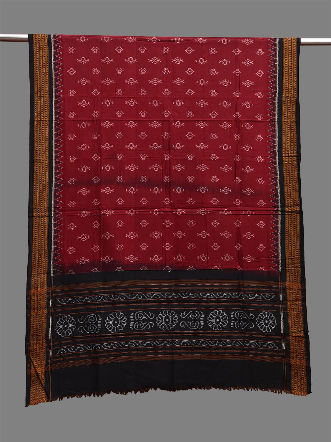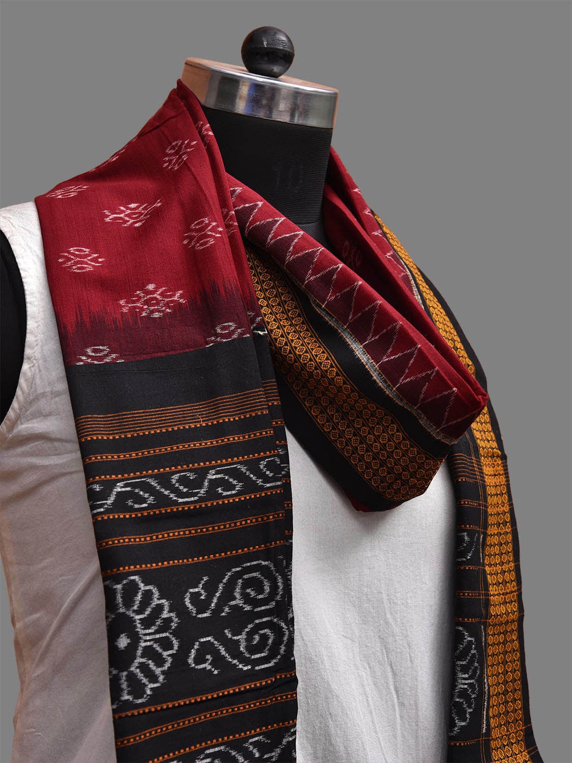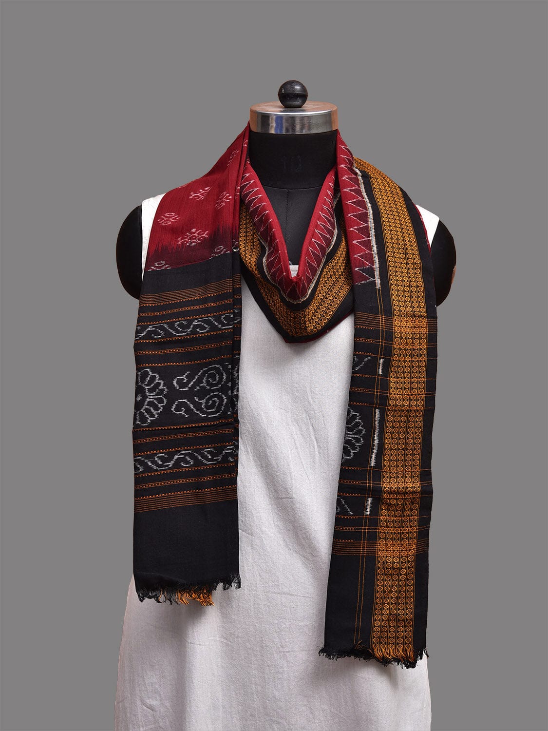 Dark Red and Black Orissa Double Ikat Cotton Handloom Dupatta with Body Buta Design. This Handloom Saree from Orissa has been woven using the resist-dyeing, which produces the unique patterns adorning the fabric. We advise Gentle Handwash Separately for fabric care.
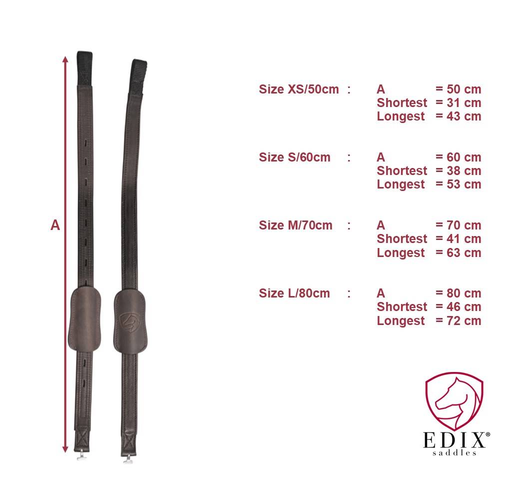 De EDIX T-bar stijgbeugelriemen zijn verkrijgbaar in de kleuren bruin en zwart en in de maten extra kort (50 cm), kort (60 cm), normaal (70 cm) en lang (80 cm).
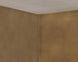 Turn heads with this contemporary, rectangular end table that features a bold design. Crafted with an antique brass steel top and a matte black powder coated steel base. Coordinating end table also available. Also comes in a gunmetal finish.
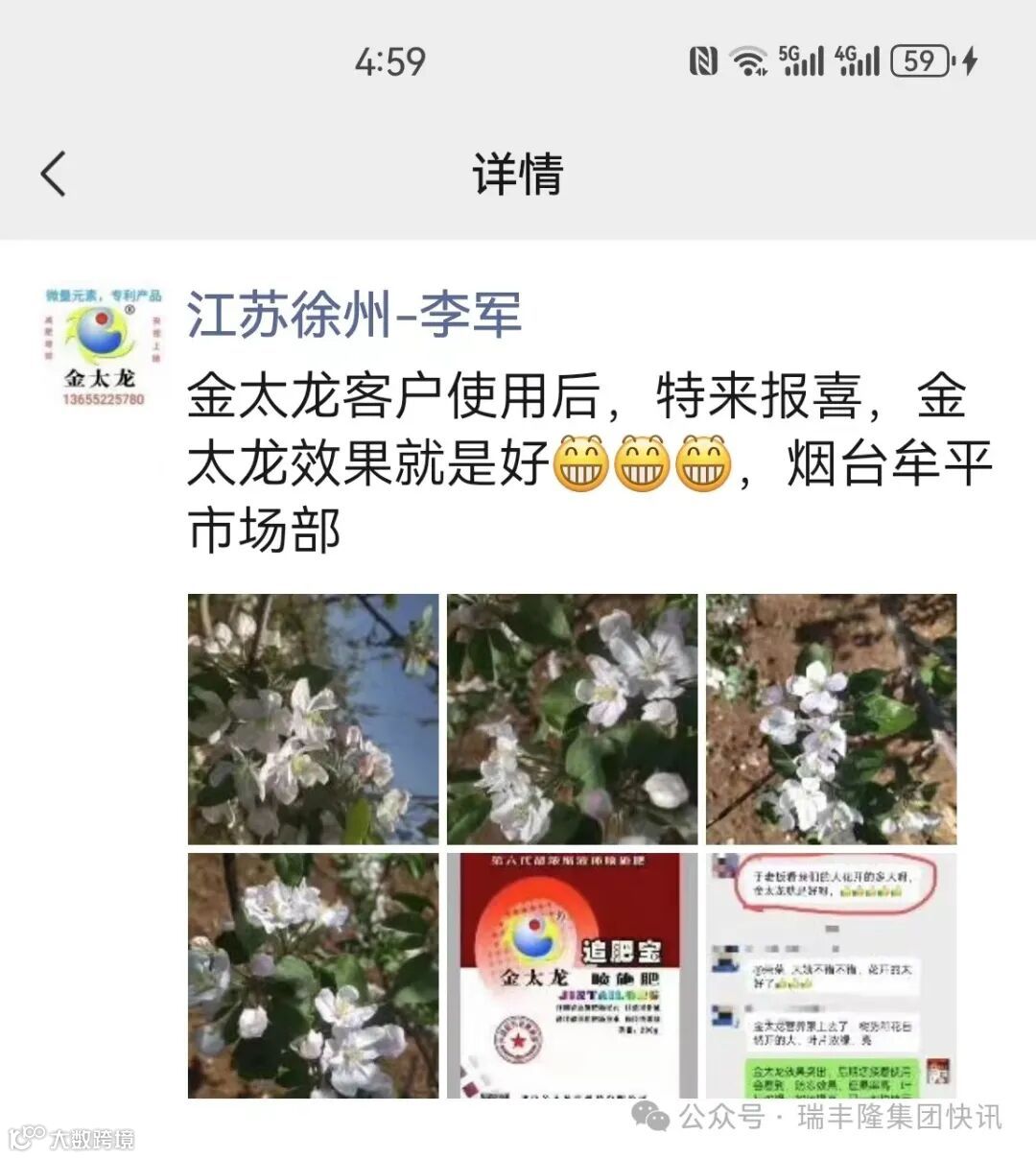 导读:山东烟台牟平市场部特来报喜看苹果花开,品果农心情——金太龙效果真好!用了金太龙的苹果树开花大,树势强,为高产夯实了基础!

• **About this exercise**
Reproduce every line above word for word; no images.

• **Written solution**
 Dark Red and Black Orissa Double Ikat Cotton Handloom Dupatta with Body Buta Design. This Handloom Saree from Orissa has been woven using the resist-dyeing, which produces the unique patterns adorning the fabric. We advise Gentle Handwash Separately for fabric care.
 De EDIX T-bar stijgbeugelriemen zijn verkrijgbaar in de kleuren bruin en zwart en in de maten extra kort (50 cm), kort (60 cm), normaal (70 cm) en lang (80 cm).
 Turn heads with this contemporary, rectangular end table that features a bold design. Crafted with an antique brass steel top and a matte black powder coated steel base. Coordinating end table also available. Also comes in a gunmetal finish.
 导读:山东烟台牟平市场部特来报喜看苹果花开,品果农心情——金太龙效果真好!用了金太龙的苹果树开花大,树势强,为高产夯实了基础!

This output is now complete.